**Work task**:
Pictures aside, write out every record exactly as it appears.

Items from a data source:
::::::
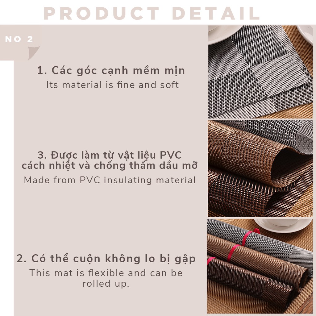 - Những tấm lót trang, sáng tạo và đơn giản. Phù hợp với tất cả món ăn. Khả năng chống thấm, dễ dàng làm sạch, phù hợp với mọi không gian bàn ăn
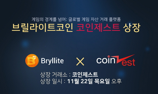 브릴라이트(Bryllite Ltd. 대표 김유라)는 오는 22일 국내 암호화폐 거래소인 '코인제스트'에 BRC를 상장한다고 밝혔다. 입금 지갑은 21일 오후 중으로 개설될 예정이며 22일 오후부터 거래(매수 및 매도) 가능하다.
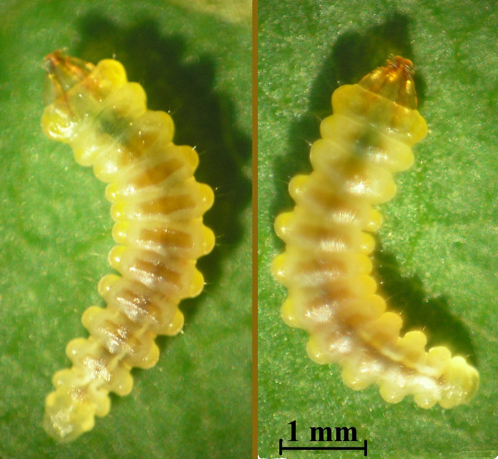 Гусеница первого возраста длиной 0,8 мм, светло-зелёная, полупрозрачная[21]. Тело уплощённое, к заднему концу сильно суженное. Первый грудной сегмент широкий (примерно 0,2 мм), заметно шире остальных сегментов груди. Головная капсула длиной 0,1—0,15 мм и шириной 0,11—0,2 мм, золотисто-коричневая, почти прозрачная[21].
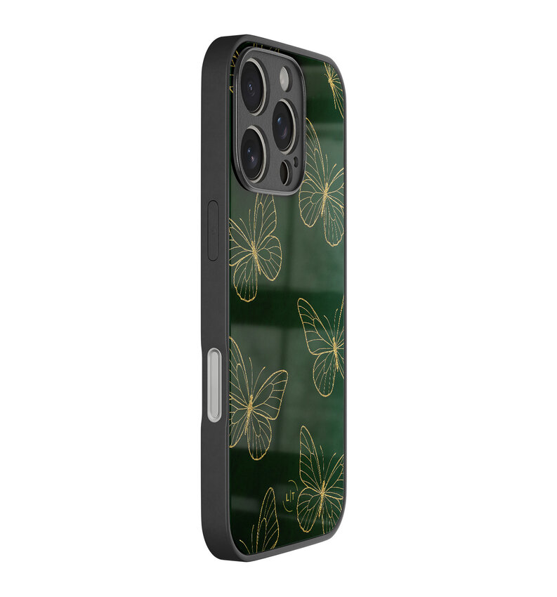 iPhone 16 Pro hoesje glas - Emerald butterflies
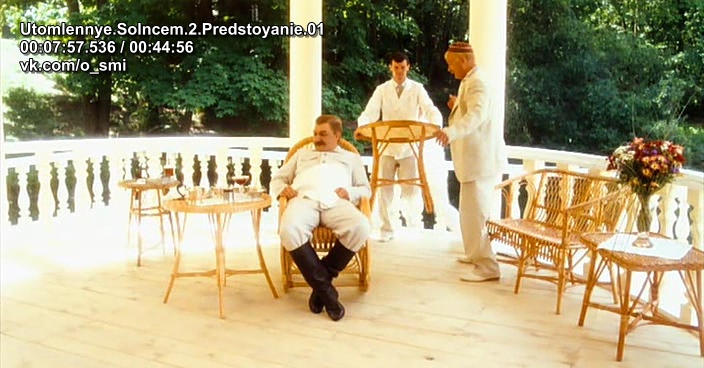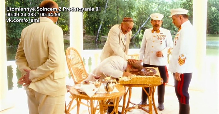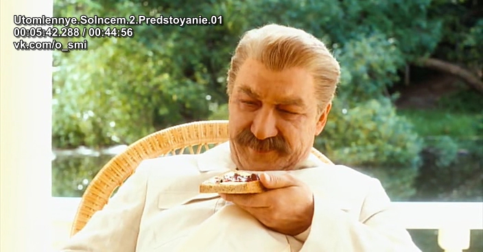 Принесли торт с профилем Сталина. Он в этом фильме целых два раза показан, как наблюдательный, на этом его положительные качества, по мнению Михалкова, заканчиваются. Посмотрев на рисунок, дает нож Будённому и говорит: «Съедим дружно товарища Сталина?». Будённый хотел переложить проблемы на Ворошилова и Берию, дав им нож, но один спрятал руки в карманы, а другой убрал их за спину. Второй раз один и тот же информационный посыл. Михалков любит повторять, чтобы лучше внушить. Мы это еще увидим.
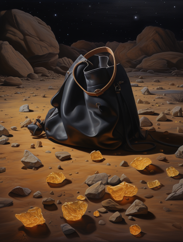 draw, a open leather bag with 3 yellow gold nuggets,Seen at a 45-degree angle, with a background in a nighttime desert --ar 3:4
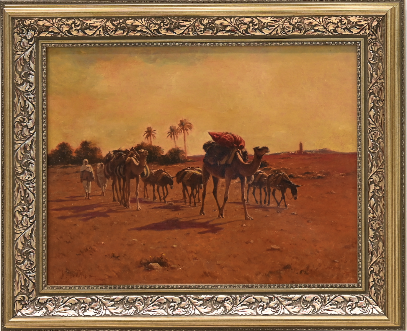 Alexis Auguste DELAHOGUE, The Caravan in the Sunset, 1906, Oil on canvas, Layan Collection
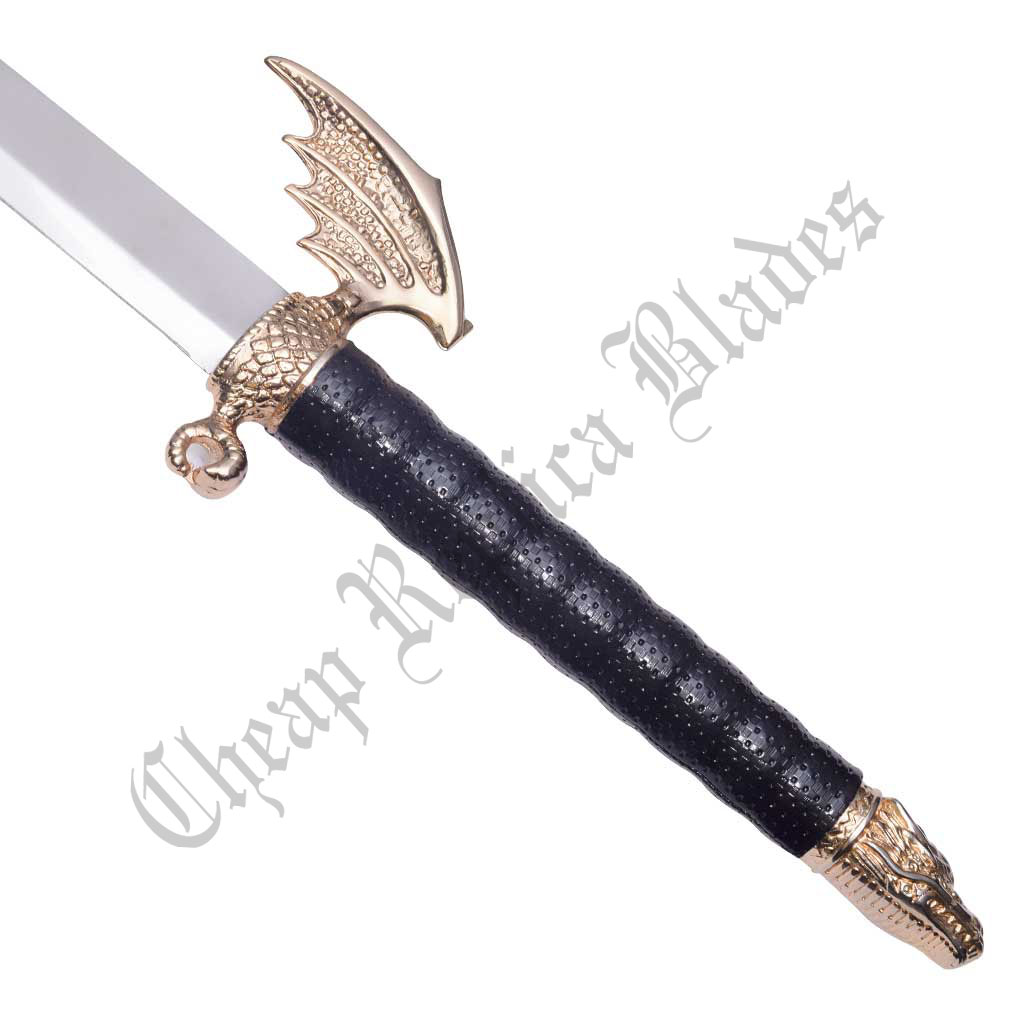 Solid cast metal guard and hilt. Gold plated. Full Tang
::::::
**Output for this exercise**:
 - Những tấm lót trang, sáng tạo và đơn giản. Phù hợp với tất cả món ăn. Khả năng chống thấm, dễ dàng làm sạch, phù hợp với mọi không gian bàn ăn
 브릴라이트(Bryllite Ltd. 대표 김유라)는 오는 22일 국내 암호화폐 거래소인 '코인제스트'에 BRC를 상장한다고 밝혔다. 입금 지갑은 21일 오후 중으로 개설될 예정이며 22일 오후부터 거래(매수 및 매도) 가능하다.
 Гусеница первого возраста длиной 0,8 мм, светло-зелёная, полупрозрачная[21]. Тело уплощённое, к заднему концу сильно суженное. Первый грудной сегмент широкий (примерно 0,2 мм), заметно шире остальных сегментов груди. Головная капсула длиной 0,1—0,15 мм и шириной 0,11—0,2 мм, золотисто-коричневая, почти прозрачная[21].
 iPhone 16 Pro hoesje glas - Emerald butterflies
 Принесли торт с профилем Сталина. Он в этом фильме целых два раза показан, как наблюдательный, на этом его положительные качества, по мнению Михалкова, заканчиваются. Посмотрев на рисунок, дает нож Будённому и говорит: «Съедим дружно товарища Сталина?». Будённый хотел переложить проблемы на Ворошилова и Берию, дав им нож, но один спрятал руки в карманы, а другой убрал их за спину. Второй раз один и тот же информационный посыл. Михалков любит повторять, чтобы лучше внушить. Мы это еще увидим.
 draw, a open leather bag with 3 yellow gold nuggets,Seen at a 45-degree angle, with a background in a nighttime desert --ar 3:4
 Alexis Auguste DELAHOGUE, The Caravan in the Sunset, 1906, Oil on canvas, Layan Collection
 Solid cast metal guard and hilt. Gold plated. Full Tang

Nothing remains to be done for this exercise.